The term use error has recently been introduced to replace the commonly used terms human error and user error. The new term, which has already been adopted by international standards organizations for medical devices (see #Use errors in health care below for references), suggests that accidents should be attributed to the circumstances, rather than to the human beings who happened to be there.

The need for the terminological change

The term "use error" was first used in May 1995 in an MD+DI guest editorial, “The Issue Is ‘Use,’ Not ‘User,’ Error,” by William Hyman.[1] Traditionally, human errors are considered as a special aspect of human factors. Accordingly, they are attributed to the human operator, or user.

When taking this approach, we assume that the system design is perfect, and the only source for the use errors is the human operator. For example, the U.S. Department of Defense (DoD) HFACS [2]

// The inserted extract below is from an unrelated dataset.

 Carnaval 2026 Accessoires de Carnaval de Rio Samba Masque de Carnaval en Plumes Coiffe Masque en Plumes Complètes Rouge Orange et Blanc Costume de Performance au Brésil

classifies use errors attributed to the human operator, disregarding improper design and configuration setting, which often result in missing alarms, or in inappropriate alerting.

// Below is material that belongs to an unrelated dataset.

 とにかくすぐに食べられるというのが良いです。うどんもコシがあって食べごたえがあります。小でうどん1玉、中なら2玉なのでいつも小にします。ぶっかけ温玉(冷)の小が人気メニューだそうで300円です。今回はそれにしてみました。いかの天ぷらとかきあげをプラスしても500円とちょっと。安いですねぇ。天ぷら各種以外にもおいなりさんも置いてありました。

The need for changing the term was due to a common malpractice of the stakeholders (the responsible organizations, the authorities, journalists) in cases of accidents.[3] Instead of investing in fixing the error-prone design, management attributed the error to the users.

The need for the change has been pointed out by the accident investigators:

  • Early in 1983, Erik Hollnagel[4] pointed out that the term Human Error refers to the outcome, not to the cause. A user action is typically classified as an error only if the results are painful [5]
  • In the story “Leap of Faith” of his book “Set Phasers on Stun”,[6] Steve Casey suggested that the accident of the Indian Airlines Flight 605 near Bangalor in 1990 could have been avoided, should the investigators of the Air France Flight 296 accident of 1988 past the Mulhouse-Habsheim airport considered the circumstances (exceptional situation), rather than the pilots (human errors).
  • In his book “Managing the Risks of Organizational Accidents” (Organizational models of accidents) James Reason explained and demonstrated that often, the circumstances for accidents could have been controlled by the responsible organization, and not by the operators.
  • In his book “The Field Guide to Understanding Human Errors”,[7] Sidney Dekker argued that blaming the operators according to “The Old View” results in defensive behavior of operators, which hampers the efforts to learn from near-misses and from accidents.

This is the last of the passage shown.